Task item:
Copy nothing but the lines from the one containing "This feminist shirt" through the last line of the entries below, exactly as written and without pictures.

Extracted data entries
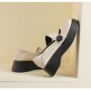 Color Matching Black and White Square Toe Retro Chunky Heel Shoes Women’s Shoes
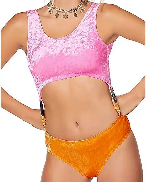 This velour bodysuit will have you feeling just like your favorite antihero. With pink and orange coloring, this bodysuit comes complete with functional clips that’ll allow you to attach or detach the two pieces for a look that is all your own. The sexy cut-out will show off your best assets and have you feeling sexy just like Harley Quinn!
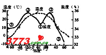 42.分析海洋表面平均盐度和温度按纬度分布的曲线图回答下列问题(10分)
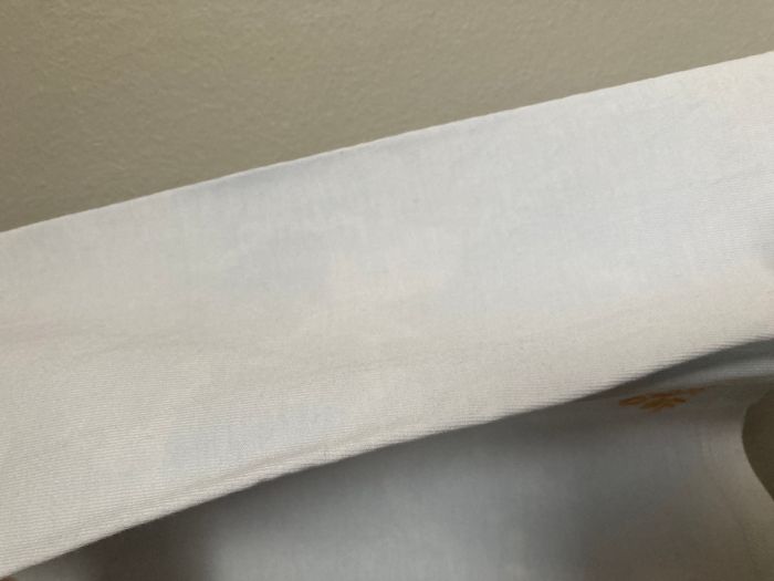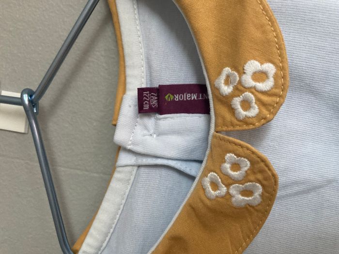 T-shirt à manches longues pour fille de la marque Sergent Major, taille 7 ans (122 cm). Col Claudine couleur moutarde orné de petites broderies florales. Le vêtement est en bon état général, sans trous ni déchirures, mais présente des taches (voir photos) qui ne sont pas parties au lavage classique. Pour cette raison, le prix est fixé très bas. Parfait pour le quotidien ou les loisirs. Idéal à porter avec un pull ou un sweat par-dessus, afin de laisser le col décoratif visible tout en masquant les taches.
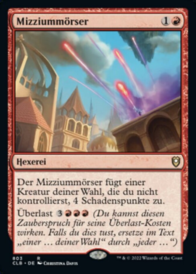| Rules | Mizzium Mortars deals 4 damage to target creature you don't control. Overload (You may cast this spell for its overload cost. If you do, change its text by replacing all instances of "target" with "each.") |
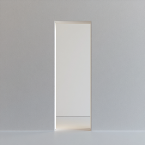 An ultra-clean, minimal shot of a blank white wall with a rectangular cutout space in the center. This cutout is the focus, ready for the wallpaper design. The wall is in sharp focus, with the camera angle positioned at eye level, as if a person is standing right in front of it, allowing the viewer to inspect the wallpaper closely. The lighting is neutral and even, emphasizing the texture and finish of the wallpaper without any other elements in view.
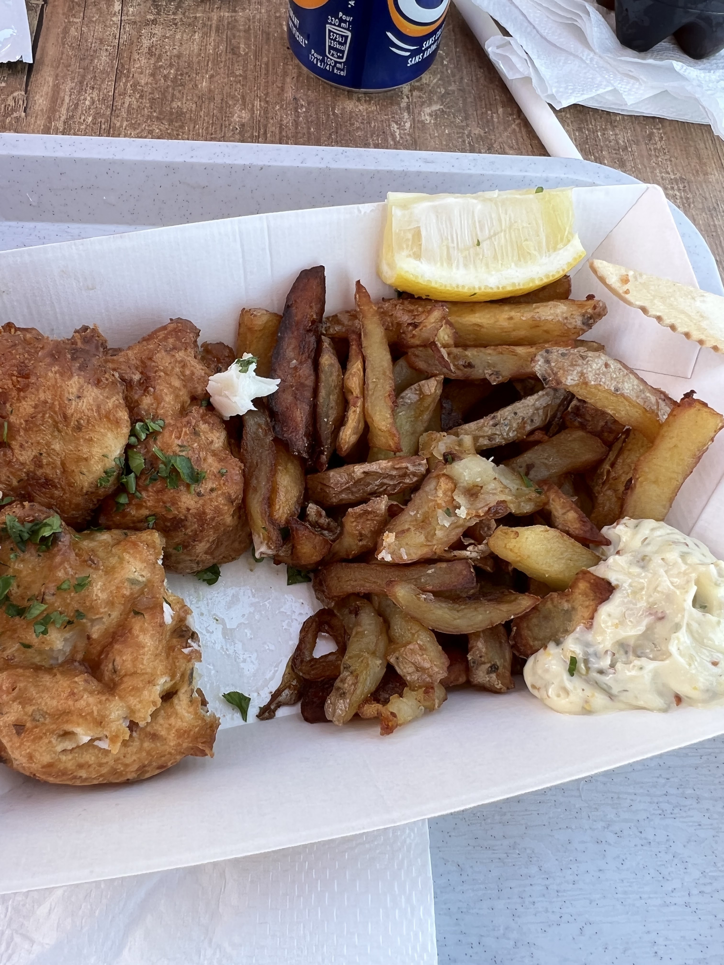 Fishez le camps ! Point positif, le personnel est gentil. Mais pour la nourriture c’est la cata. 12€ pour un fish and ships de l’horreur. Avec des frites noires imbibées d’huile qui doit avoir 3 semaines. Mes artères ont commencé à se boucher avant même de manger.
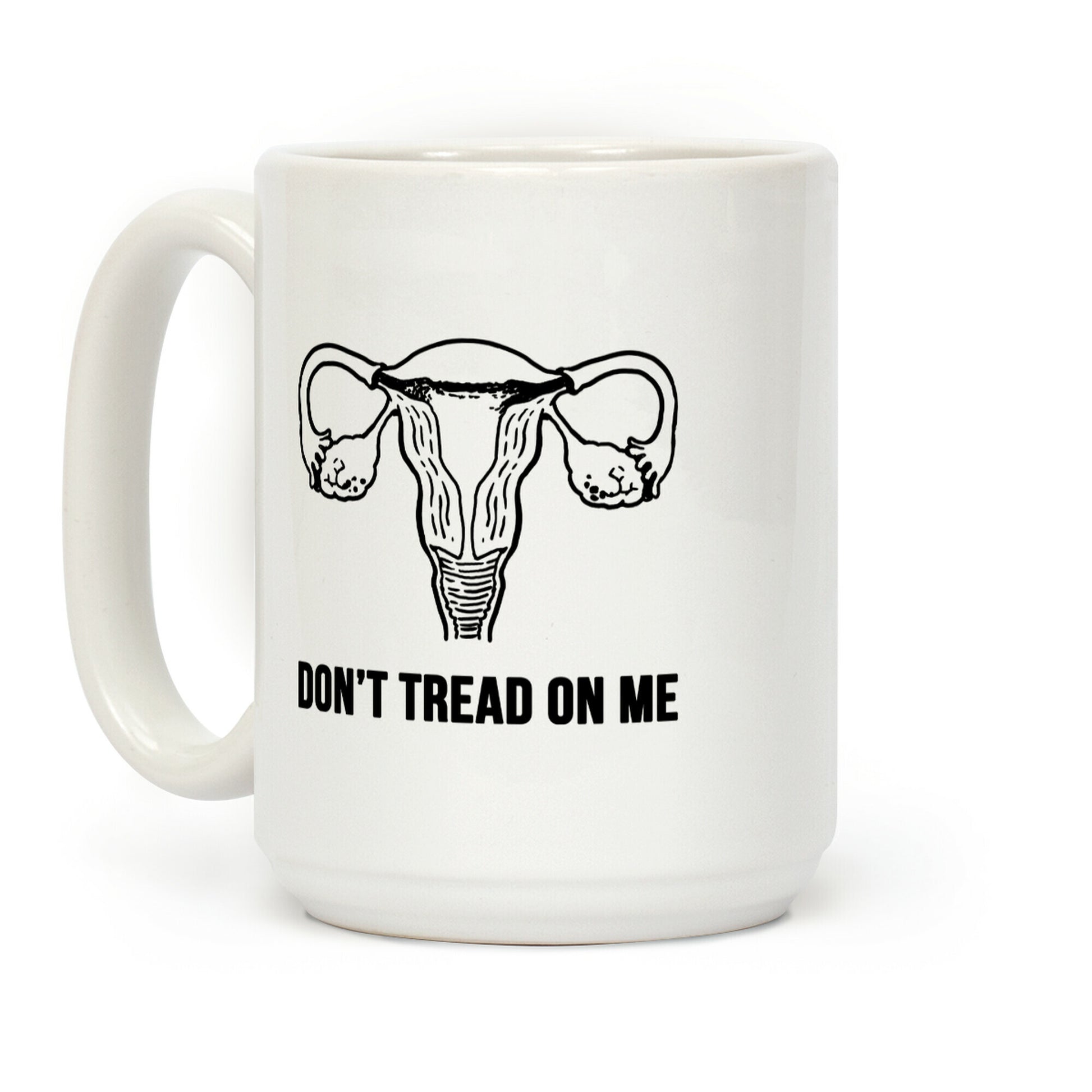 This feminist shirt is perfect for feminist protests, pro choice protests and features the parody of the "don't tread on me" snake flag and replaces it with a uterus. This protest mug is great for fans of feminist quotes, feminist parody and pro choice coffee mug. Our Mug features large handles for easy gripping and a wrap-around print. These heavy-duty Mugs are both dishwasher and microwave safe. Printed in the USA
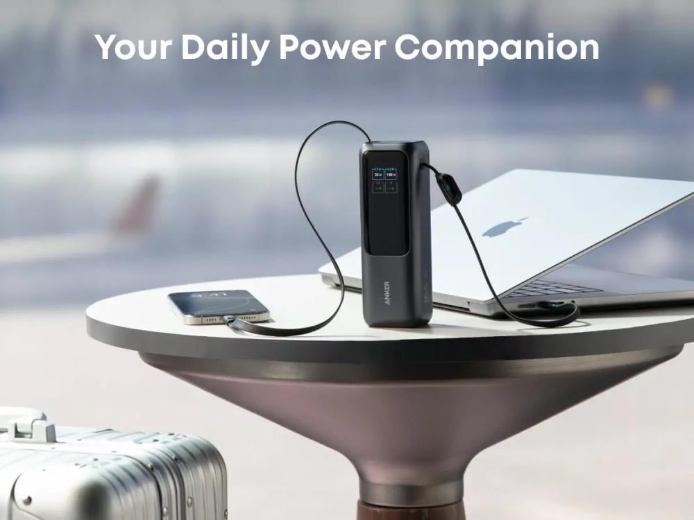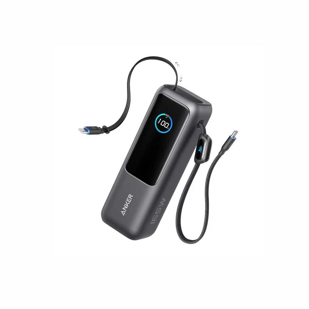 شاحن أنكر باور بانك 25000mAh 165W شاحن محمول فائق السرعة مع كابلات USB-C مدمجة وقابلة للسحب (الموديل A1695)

Task output:
 This feminist shirt is perfect for feminist protests, pro choice protests and features the parody of the "don't tread on me" snake flag and replaces it with a uterus. This protest mug is great for fans of feminist quotes, feminist parody and pro choice coffee mug. Our Mug features large handles for easy gripping and a wrap-around print. These heavy-duty Mugs are both dishwasher and microwave safe. Printed in the USA
 شاحن أنكر باور بانك 25000mAh 165W شاحن محمول فائق السرعة مع كابلات USB-C مدمجة وقابلة للسحب (الموديل A1695)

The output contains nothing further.